So - most of the time I try and remain as upbeat as possible, and really have faced this whole Cancer diagnosis by way of avoidance - I go in, get blood taken, get pumped full of chemo, go home, and do it all again a week later. I think because of my long family history with Cancer I have dealt with it in such a way so it won't affect me as badly - because I know first hand the ugly side of this dreaded disease.
So, two weeks ago when I had my platelet transfusion, I was informed that my 'Cancer Markers' (whatever they're supposed to be - I really should ask more questions!) are up, and they should be going down instead of going up. So I was the unlucky recipient of two different Chemo regimes for two different types of Cancer - Uterine and NHL...until last week when I got sick with first a head cold/flu, and then gastro. My Oncologist, or rather, the doctor that works for my Oncologist has said that I need to take a few weeks off from treatment, and then get some scans done, and see just what it is we're dealing with. I was totally okay with coping with this on my own - meanwhile lying to my family and saying that my treatment was still continuing etc, etc.

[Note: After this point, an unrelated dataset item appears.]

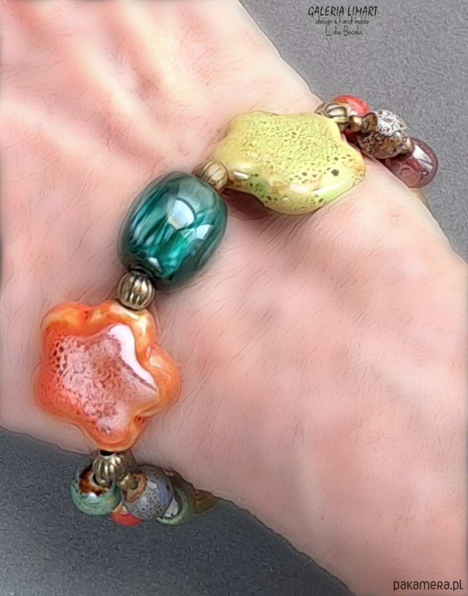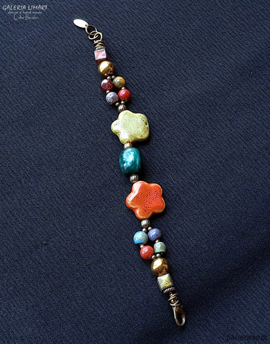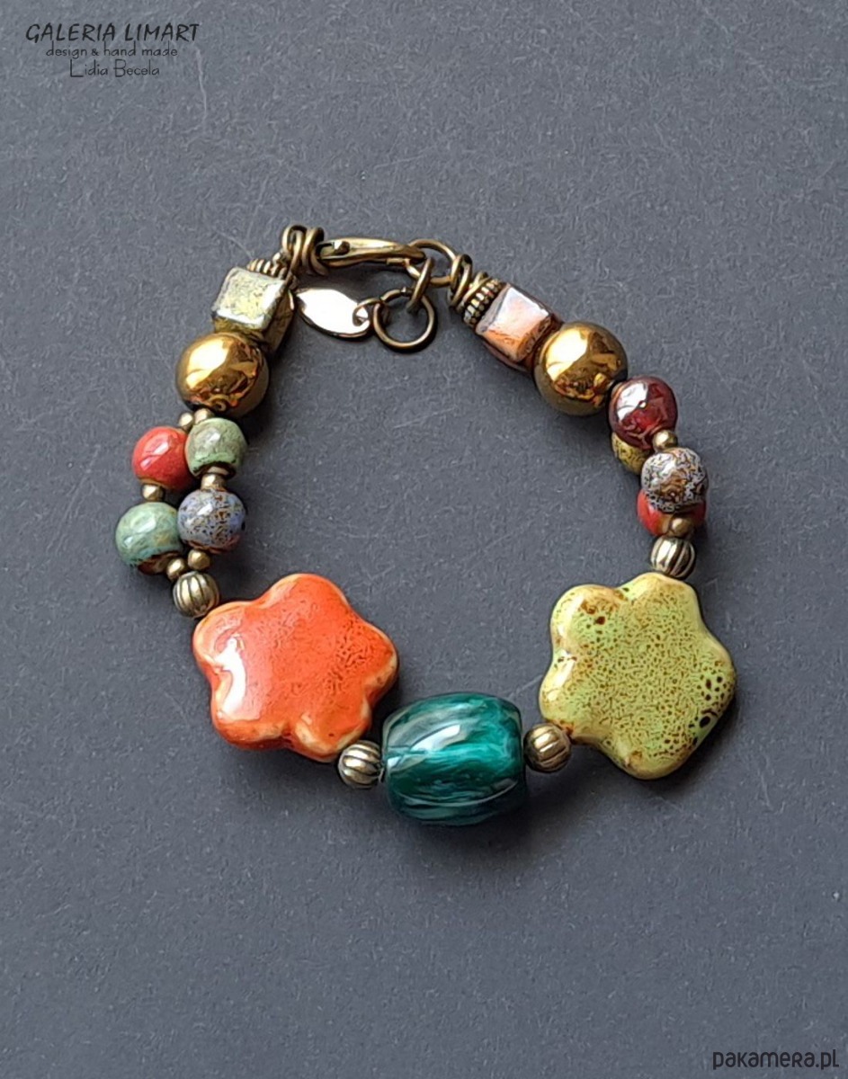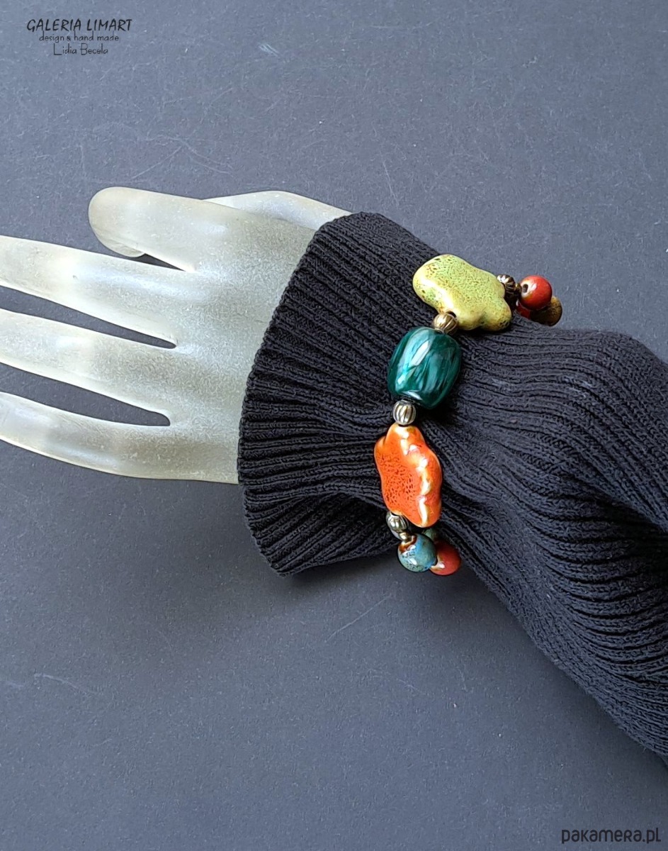 Biżuteria ponadczasowa. Ciekawa i unikatowa, wyrazista i spektakularna bransoleta z unikatowej kompozycji przeróżnych ceramicznych elementów ozdobnych. Korale z ceramiki zostały bardzo starannie dobrane i tak dopasowane w przepięknej kolorystyce jesieni aby powstała czarująca unikatowa bransoletka jedyna w swoim rodzaju. Długość 19-21 cm (regulacja) w sam raz na nadgarstek 15-17 cm. Ten przemyślany melanż została tak stworzony by powstała stylowa bransoletka dla osoby, która doceni jej urodę.

Until Yesterday - when both my partner and my Aunt (who I live with) came in and bombarded me with questions - wanting to know what was going on and that something wasn't right with the whole situation. I then got asked the funniest question: Do we have a Cancer Problem, or a Drug Problem?!! The two of them were starting to think that due to many different changes and increases in pain medications that in fact I was a drug addict and not a Cancer Patient! Although I can laugh at it now, yesterday all I could do was cry - "If only I was a drug addict - that would be easier than dealing with this" - was my reply to them. So then everything came out - and I'm mad about it.
I'm mad because I was dealing with it by ignoring it - by 'sweeping it under the rug' and now that they all know, I honestly feel like I'm going through all the different stages of grief. All I can think about is my soon to be 16 month old daughter - who was very premature - had a hard start to life - and is still on oxygen. After seeing my mother and other family members and friends go through cancer - I'm not naive - I'm scared to death.
In a way it's a weight off my shoulders - but dealing with it by not dealing with it was SO much easier than this.
:(
Plus I feel awful for lying to my family for 2 weeks saying I was going up for chemo when I wasn't. Coming from someone who says they hate people that lie - I'm now a total hypocrite.
Not a good day for me today. 😞 Cancer Sucks.